#### Task objective:
Your output should be the lines below from the one with "10月昆明純住宅用地成交11" through the one with "Color professionals rely", copied exactly, pictures excluded.

··· Recorded data ···

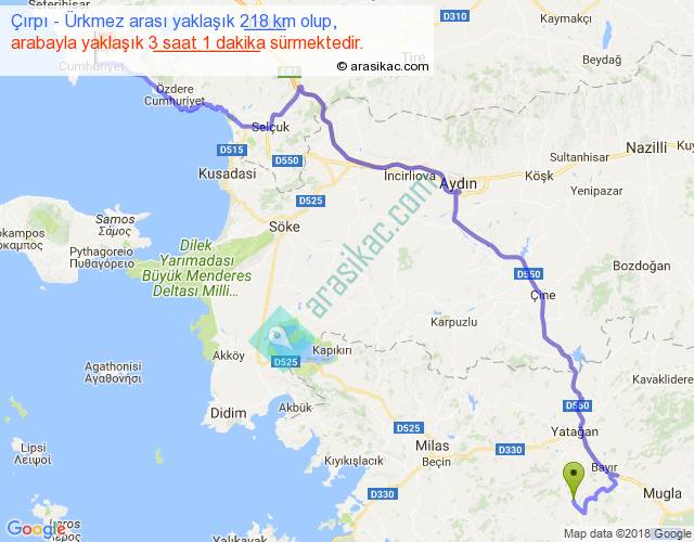 Çırpı - Ürkmez arası yaklaşık olarak 90 km/h ile yukarıda belirtilen sürede olup, iki yerin kuş uçuşu uzaklığı (mesafesi) 143'dir. Yolculuk otobüsle 3 saat 55 dakika sürmektedir.
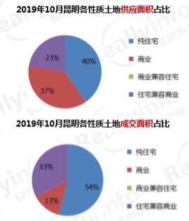 10月昆明純住宅用地成交11宗,面積841.62畝,占比54%;10月昆明商業用地成交5宗,面積203.41畝,占比13%;10月昆明商業兼容住宅用地無成交;10月昆明住宅兼容商業用地成交8宗,面積512.04畝,占比33%。
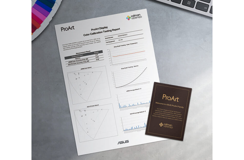 Color professionals rely on color-accurate displays to ensure that their creations look exactly as intended. Each ProArt display is calibrated in the factory to meet Calman Verified standards and to achieve Delta E<2 color accuracy.
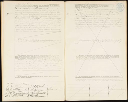 No. 2525 Heden elf Augustus negentienhonderd vier, zijn voor ons Ambtenaar van den burgerlijken stand van Amsterdam, in het openbaar, in het huis der gemeente, verschenen, ten einde een huwelijk aan te gaan: Leonard van Bommel, matroos bij de marine, geboren en wonende alhier oud twee en twintig jaren, minderjarige zoon van Douwe Elias van Bommel timmerman wonende alhier en Geerfruida frederika Korthof overleden ter eenre en Catharina Wilhelmina Somasini, zonder beroep, geboren te Groningen, wonende alhier oud drie en twintig jaren meerderjarige dochter van Johannes Antonius Somasini, schilder en Bargaretha Catharina Nissink, wonende alhier ter andere zijde. En verklaarden de vader des bruide goms en de ouders der bruid, voor ons tegenwoordig, toe te stemmen in dezen echt. De beide afkondigingen tot dit huwelijk zijn onverhinderd geschied, alhier den een en dertigsten Juli laatstleden en zevenden dezer. Wij hebben hun afgevraagd of zij elkander nemen tot echtgenooten, en getrouwelijk alle de plichten zullen vervullen, welke door de wet aan den huwelijken staat verbonden zijn. Nadat deze vraag door hen bevestigend beantwoord werd, hebben wij, in naam der wet, uitspraak gedaan dat zij door het huwelijk aan elkander zijn verbonden. Als getuigen waren tegenwoordig: Jacobus Hendrik Koch huie oud een en zestig jaren, Pieter Kooren, metselaar oud twee en zestig jaren, Jacobus Gerardus dbenks, sappoost, verd zestig jaren en Dirk Bouwa, winkelier, oud een en zestig jaren, allen wonende alhier En is hiervan door ons opgemaakt deze akte, die, na voorlezing, door de comparanten, de getuigen en ons is onderteekend. No. Heden elftigsstig burgerlijken Stand van Amsterdam, in het openbaar, in het huis der gemeente, verschenen, ten einde een huwelijk aan te gaan: ohannes Hopmans, apotheker, geboren te Helder, wonende te Nimegen, oud negen en twintig jaren, meerderjarige zoon van Mbatthijs Hopmans, zonder beroep en Anna Maria Boorn wonende te Helder, ter eenre en Ake Bloos, zonder beroep, geboren te Schiermonnikoog wonende alhier oud vier en dertig Jaren, meerderjarige dochter van Janne Bloos, overleden en Jeltje Jans Posthuinus, zonder beroep, wonende alhier. En ver „klaarden de ouders des bruidegoms, bij notarisele akte, toe te stemmen in dezen echt De beide afkondigingen tot dit huwelijk zijn onverhinderd geschied, alhier en te Nis „megen den een en dertigsten Juli laatstleden en zevenden dezer Wij hebben hun afgevraagd of zij elkander nemen tot echtgenooten, en getrouwelijk alle de plichten zullen vervullen, welke door de wet aan den huwelijken staat verbonden zijn. Nadat deze vraag door hen bevestigend beantwoord werd, hebben wij, in naam der wet, uitspraak gedaan dat/zij door het huwelijk aan elkander zijn verbonden. Als getuigen /waren tegenwoordig: En is hiervan door ons opgemaakt deze akte, die, na voorlezing, door de comparanten, de getuigen en ons is onderteekend De doorhaling, wegens abusieve inschrijving, goedgekeurd De Ambtenaar van den Burgerlijken stand van Amsterdam hBomme JH Hooh C W Samarini Salzenbarg D. E. Bommel. J. Kooren JA. Domasend HGMenkt M C Miersink J Voume alkentin

···

#### Answer to this exercise:
 10月昆明純住宅用地成交11宗,面積841.62畝,占比54%;10月昆明商業用地成交5宗,面積203.41畝,占比13%;10月昆明商業兼容住宅用地無成交;10月昆明住宅兼容商業用地成交8宗,面積512.04畝,占比33%。
 Color professionals rely on color-accurate displays to ensure that their creations look exactly as intended. Each ProArt display is calibrated in the factory to meet Calman Verified standards and to achieve Delta E<2 color accuracy.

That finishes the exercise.